The court held then that the doctrine of claim preclusion does not apply, because federal courts lack jurisdiction to consider state law discrimination claims.

But in the same case, back before the court a second time, it held on May 18 that the suit was barred by the doctrine of issue preclusion.

The court found: the statutes of limitation are the same; and the issue of timeliness has already been litigated in federal court against the employee. Thus, the court held the state law claim is barred, too.

The long-running litigation began when Joyce Aldrich was demoted by Best Buy Stores L.P. in March 2003. The same month, Aldrich complained to the Equal Employment Opportunity Commission in Milwaukee, but she did not file a formal charge of age and sex discrimination until Feb. 4, 2004.
Under a work-sharing agreement between the EEOC and the Wisconsin Equal Rights Division, a charge filed with either is considered filed with both.

The EEOC investigated the claim and dismissed it in January 2005. Aldrich then sued in federal court, but the claim was dismissed, because it was not filed within the 300-day statute of limitation.

Instead of appealing, Aldrich requested that the ERD investigate the claims. The Labor and Industry Review Commission dismissed the claims on grounds of claim preclusion, concluding that the federal court had already dismissed the same claims.

The Court of Appeals affirmed the circuit court’s reversal of LIRC, concluding, “Claim preclusion is designed to prevent litigation of matters that were, or could have been, litigated in the prior proceedings. Because Aldrich could not bring her WFEA claims in the prior federal action, the doctrine of claim preclusion is not applicable to her claims before the ERD.” Aldrich v.

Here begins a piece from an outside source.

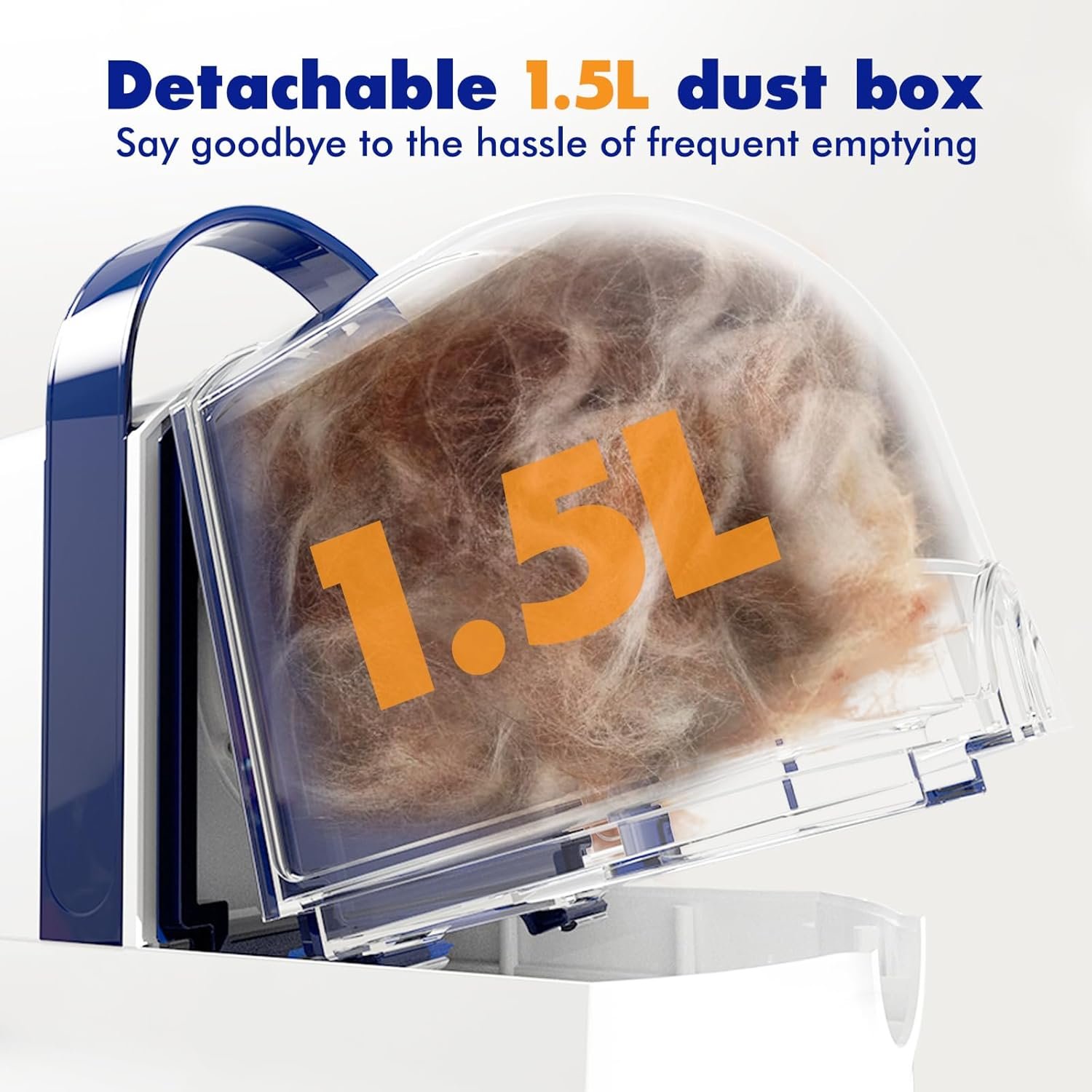 ✨【Effortless Maintenance for Busy Pet Owners】Our pet grooming vacuums come with a removable 1.5L dust cup, so you don’t have to empty it as often when grooming your pet, and the removable design makes it easy to clean the cup.5.2 feet (1.6m) flexible extension hose keeps your pet away from motor noise, perfect for sensitive or larger animals! The removable electric clippers’ head and filtration system allow for easy care and maintenance, saving time while increasing product life.

LIRC, 2008 WI App 63, ¶14, 310 Wis. 2d 796, 751 N.W.2d 866.

On remand to LIRC, the Commission dismissed the claims again, this time concluding that issue preclusion barred the claims — because the timeliness of the complaint is an issue that has been fully litigated in the federal action, that issue may not be relitigated in state court.

The circuit court reversed, but on appeal before the Court of Appeals for a second time, the court reversed the circuit court, and affirmed that LIRC properly dismissed the claim on issue preclusion grounds.

The court acknowledged that a federal court’s determination that a complaint is untimely under federal law is normally not dispositive as to a state court statute of limitation.

However, Wis. Admin. Code DWD 218.03(5) designates the date of filing with the ERD as the date of filing with the EEOC.

Accordingly, Judge Lisa Neubauer wrote for the court, “Thus, the issue of fact at the core of this dispute is the date of filing with the EEOC, a matter which has already been decided in federal litigation. We therefore uphold the Commission’s application of issue preclusion as to that determination.”

David Ziemer can be reached at [email protected].

What the court held

Case: Aldrich v. LIRC, No. 2010AP1785

Issues: Does the doctrine of issue preclusion bar a discrimination claimant from relitigating the statute of limitations, when a federal court has determined her complaint was untimely?

Holdings: Yes. The statute of limitations is the same, so the issue has already been litigated.

Attorneys: For Plaintiff: Peter M. Reinhardt, Menomonie; For Defendants: Amy Schmidt Jones, Milwaukee; Scott C. Baumbach, David C. Rice, Madison.